Moreover, we don’t even know what all is in the massive bill. An alert watchdog group reports that a last-minute provision was secretly slipped into the bill nullifying an appeals court ruling ordering the U.S. Department of Agriculture to make public large quantities of data on how it administers billions of dollars in subsidies. Who knows what else is in there?

Urban and suburban lawmakers were not about to shower largesse on wealthy corporate farmers to make the package attractive. So two-thirds of the roughly $290 billion bill goes to fund popular nutrition programs — food stamps, emergency food aid, fresh fruits and vegetables for school children.

Of the three presidential candidates, John McCain flatly opposed the bill while Hillary Clinton and Barack Obama, who generally deride politics as usual, applauded this particularly shameless example of politics as usual.

President Bush, who caved on the 2002 farm bill, has decided to stick with his principles on this one and veto it for being bloated, wasteful and gimmick-ridden. All good reasons but it’s a little late in the game to start being principled. Better late than never, though.

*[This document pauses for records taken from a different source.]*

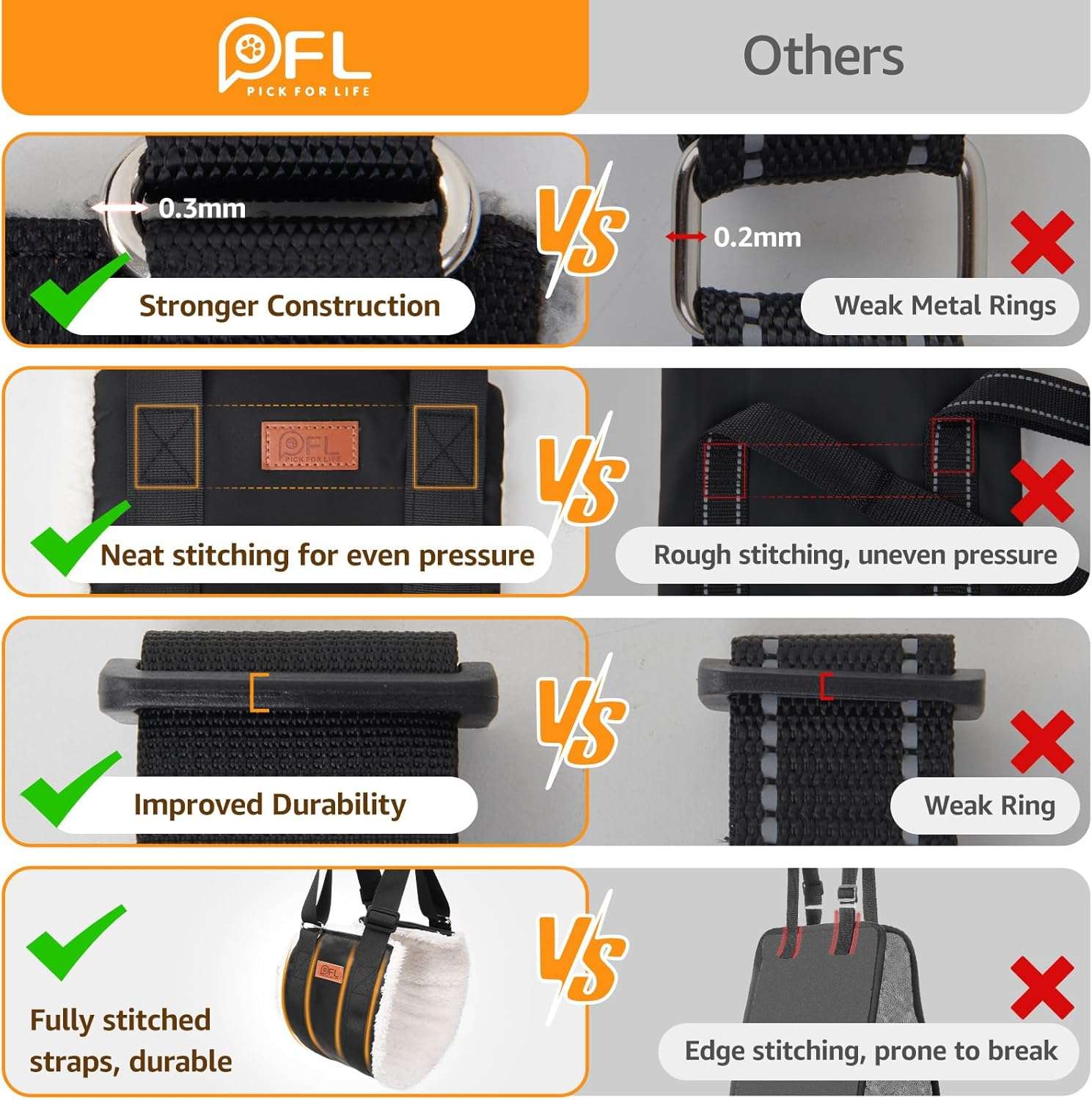 Asas Acolchadas: Pensado en el dueño, las asas tienen un acolchado especial que permite levantar perros pesados sin que las correas se claven en tus manos.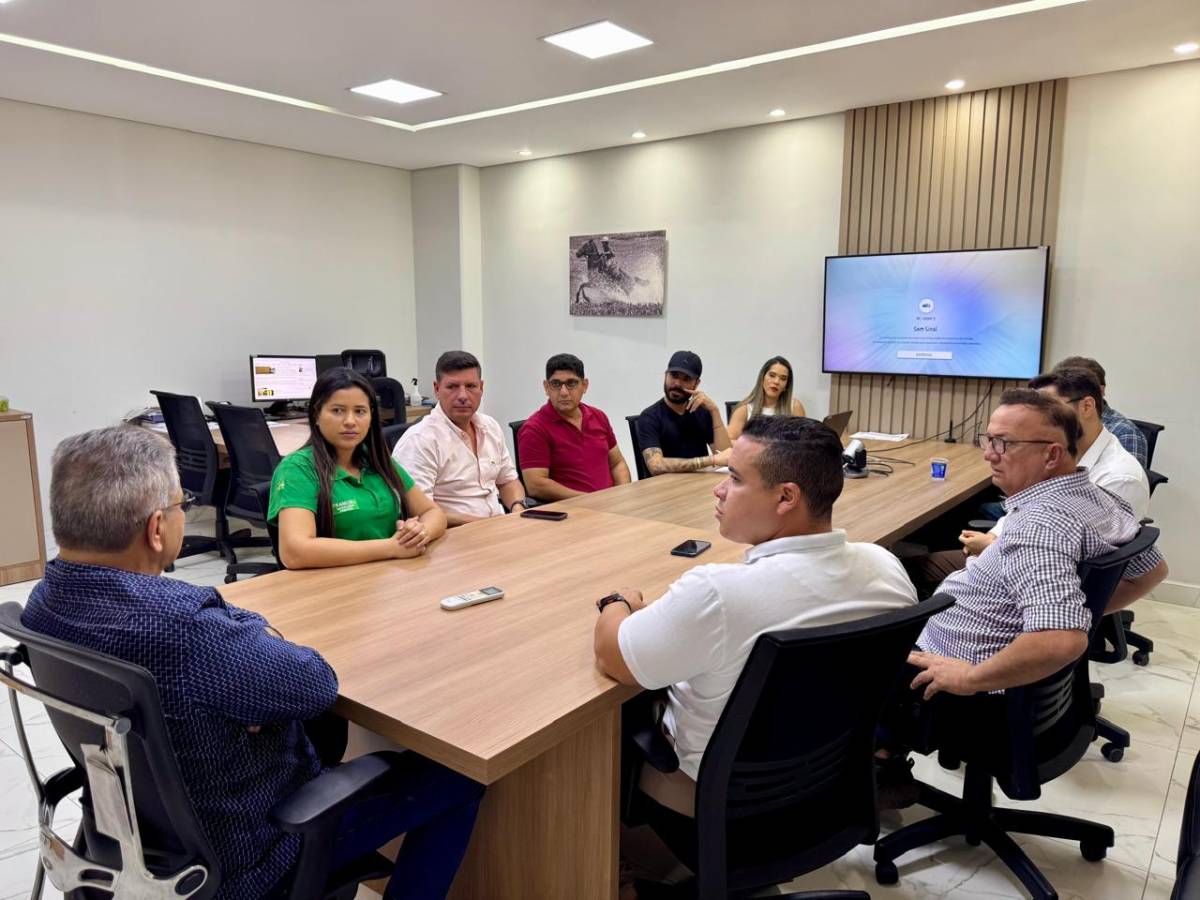 A prefeita Francieli Magalhães e o presidente da Câmara Municipal de Santo Antônio de Leverger, Rafael Lima, reuniram-se nesta quinta-feira (17/07) com o presidente do Intermat, Francisco Serafim de Barros, para tratar sobre os limites do município e o Morro de Santo Antônio.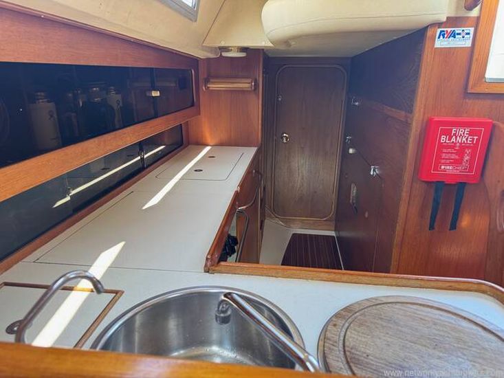 Galley: large and immediately opposite the toilet compartment, L-shaped; hot and cold pressurised water system, twin stainless steel sinks, cooker, top opening icebox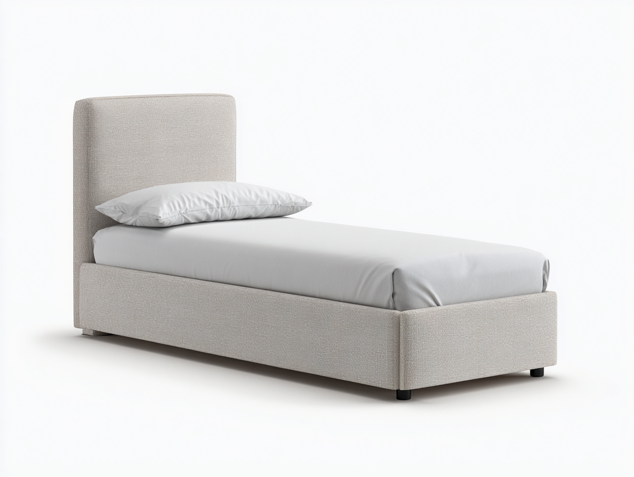 Lit simple minimaliste conçu pour une chambre sobre et fonctionnelle.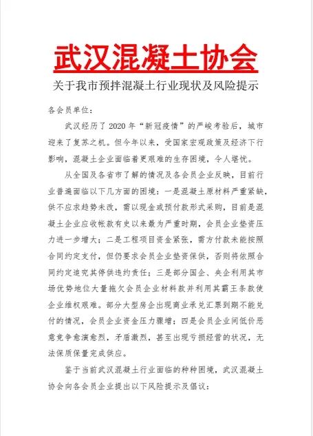 鑒于當前武漢混凝土行業面臨的種種困境,武漢混凝土協會向各會員企業提出以下風險提示及倡議∶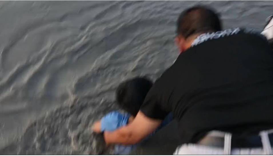 现场目击者拍下了赵成龙救人过程:孩子在江水中沉浮挣扎,很快被江水没过头顶;赵成龙跳进涪江后,在水中奋力划拉,然后伸手抓住孩子,另一只手把住岸边石阶,避免自己和孩子被湍急的水流带走。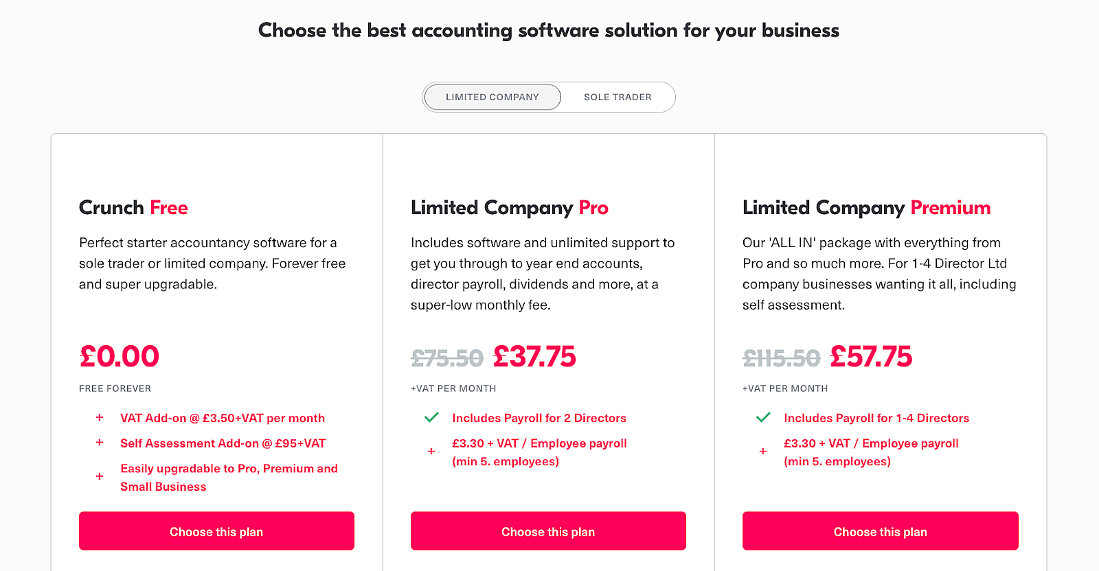 Then, they have the pricing. There’s Crunch Free, which they describe as the “perfect accountancy software for a sole trader or a limited company.” It’s free forever. Then, you have the Limited Company Pro for £37.75 and the Premium for £57.75.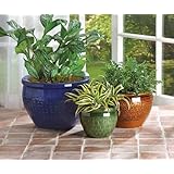 Bring a burst of color to your garden! Embossed earthenware flower pots are sumptuous in shades of azure, topaz and peridot. Set includes three separate sizes to hold a variety of your favorite greenery! Drain hole at bottom of each pot. Ceramic. Large: 12" diameter x 8 1/2" high; Medium: 9" diameter x 6 1/2" high; Small: 6 1/2" diameter x 5 1/4" high.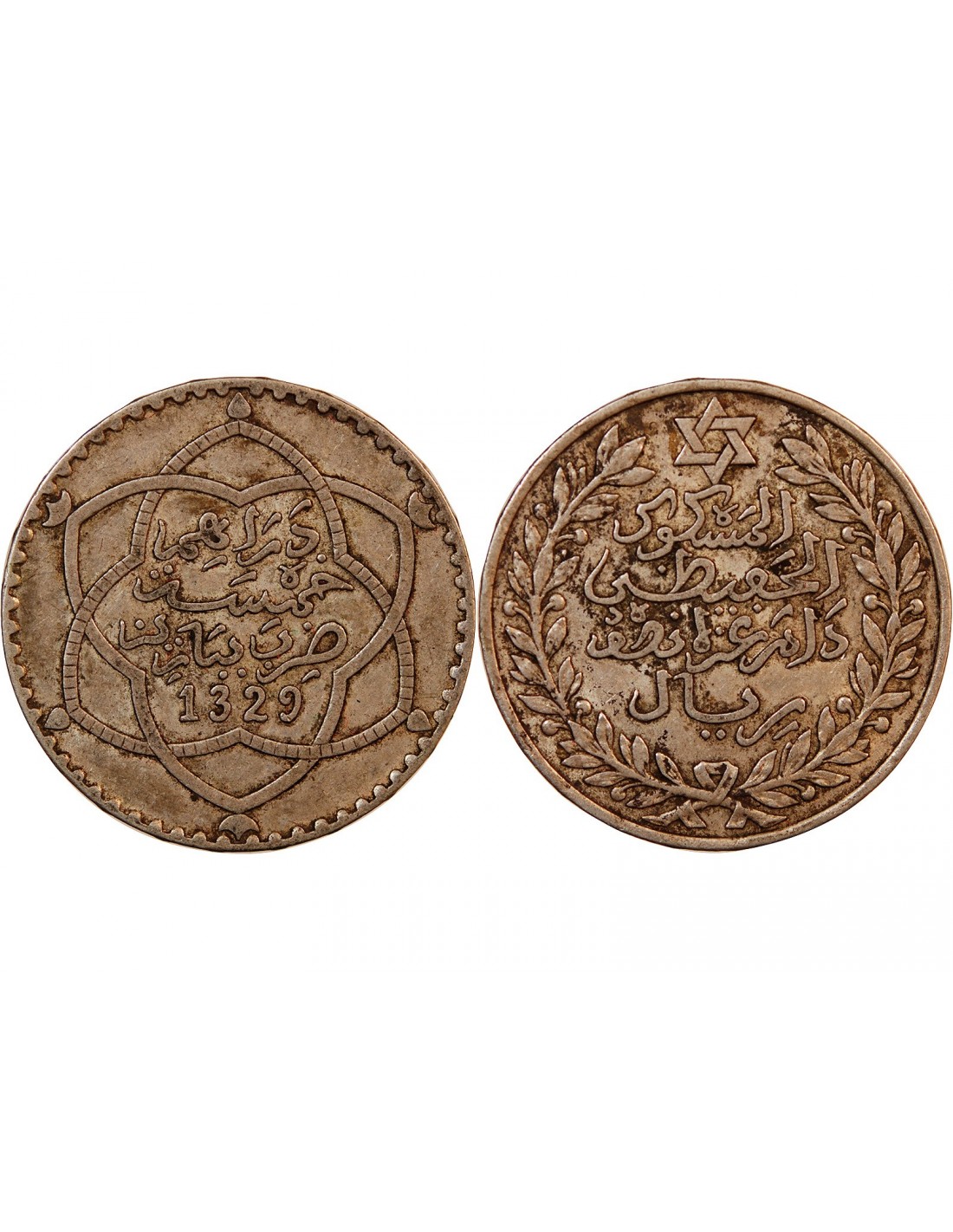 Maroc Maroc, Abddelhafid - 5 Dirhams Argent 1329 (1911)
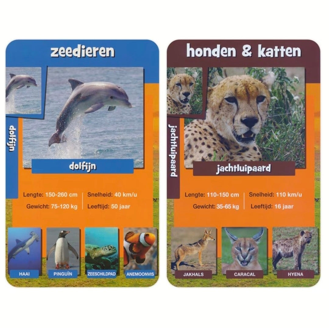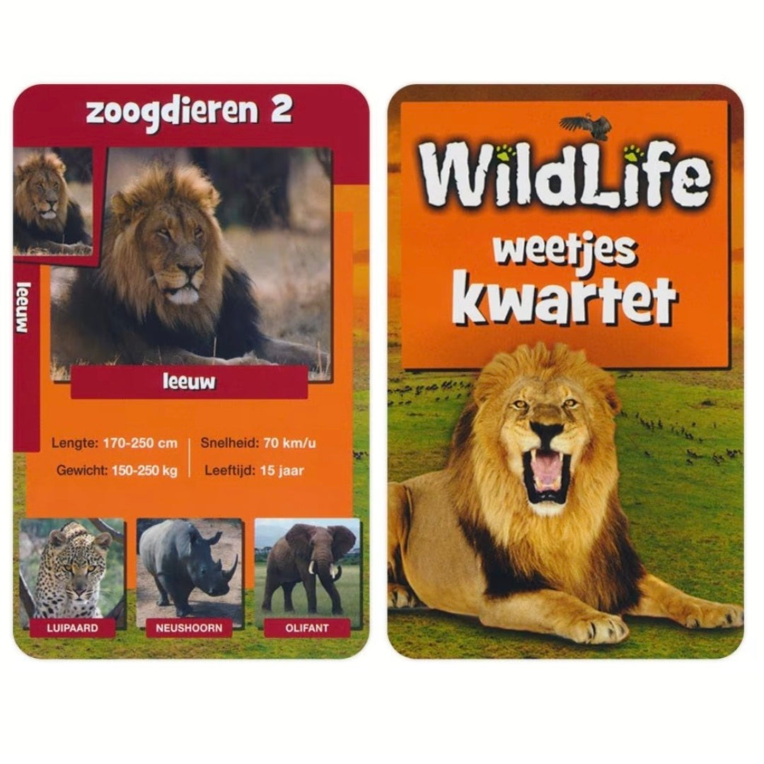 Hoeveel Wildlife kwartetten weet jij bij elkaar te winnen? Wie de meeste dieren setjes bij elkaar heeft wint het spel. De kaarten zijn extra groot, hierdoor zijn de afbeeldingen makkelijk te herkennen en kunnen ook kleuters het kwartet spelen. Op de afbeeldingen staan echte Wildlife dieren, zoals: apen, olifanten en tijgers. Daarnaast staan er feitjes over de dieren op de kaarten.
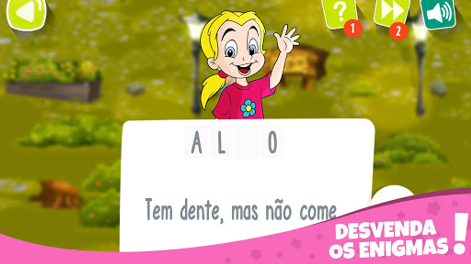 encontrar a letra que completa a resposta ao enigma. O jogo vai se desenrolando
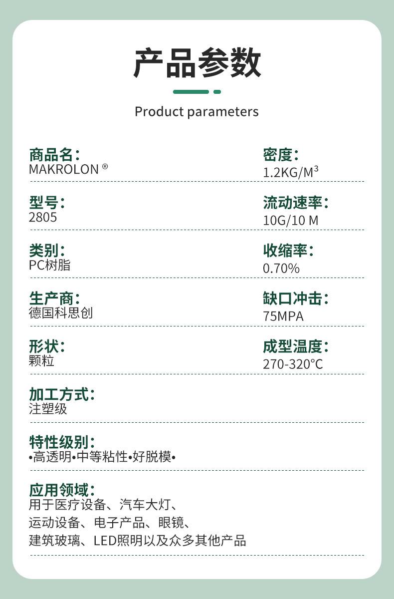 Covestro德国拜耳科思创模克隆透明聚碳酸酯PC塑料2805汽车用材料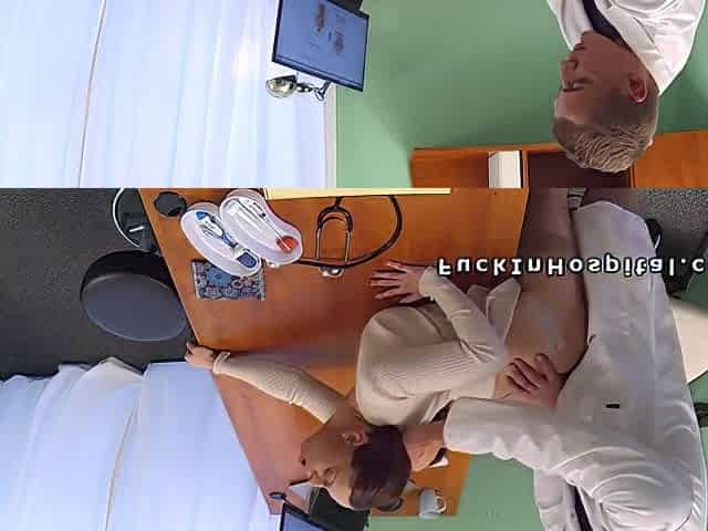 Slutty nurse fucked by lusty doctor in pussy in medical room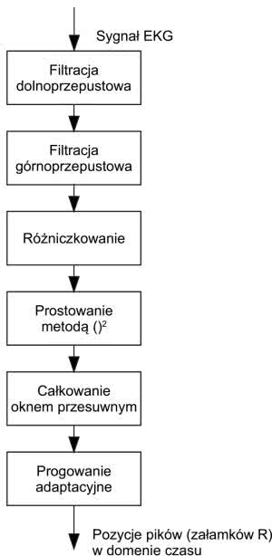 Prawdopodobnie najciekawszą funkcją układu MAX30003, której próżno szukać w innych front-endach elektrokardiograficznych spośród opisanych wcześniej produktów, jest blok sprzętowego wsparcia obliczeń odstępu R-R. Funkcja bazuje na znanym w świecie informatyki medycznej algorytmie Pan-Tompkins (rysunek 6), a jej implementacja w strukturze AFE znakomicie ułatwia tworzenie aplikacji wskazujących częstość rytmu serca (np. pulsometry sportowe) czy też zmienność tegoż rytmu (tzw. HRV – heart rate variability).

Bush has opposed the bill all along, instead favoring a one-year extension of the old bill that would hand the problem to his successor, but he is up against a mass defection of his own Republicans.

The bill passed by convincingly veto-proof margins, 318 to 106 in the House with 100 Republicans in the affirmative and 81 to 15 in the Senate with 35 Republicans voting aye.

Considering the margins against him, President Bush’s veto may be only a symbolic gesture but one had should make anyway.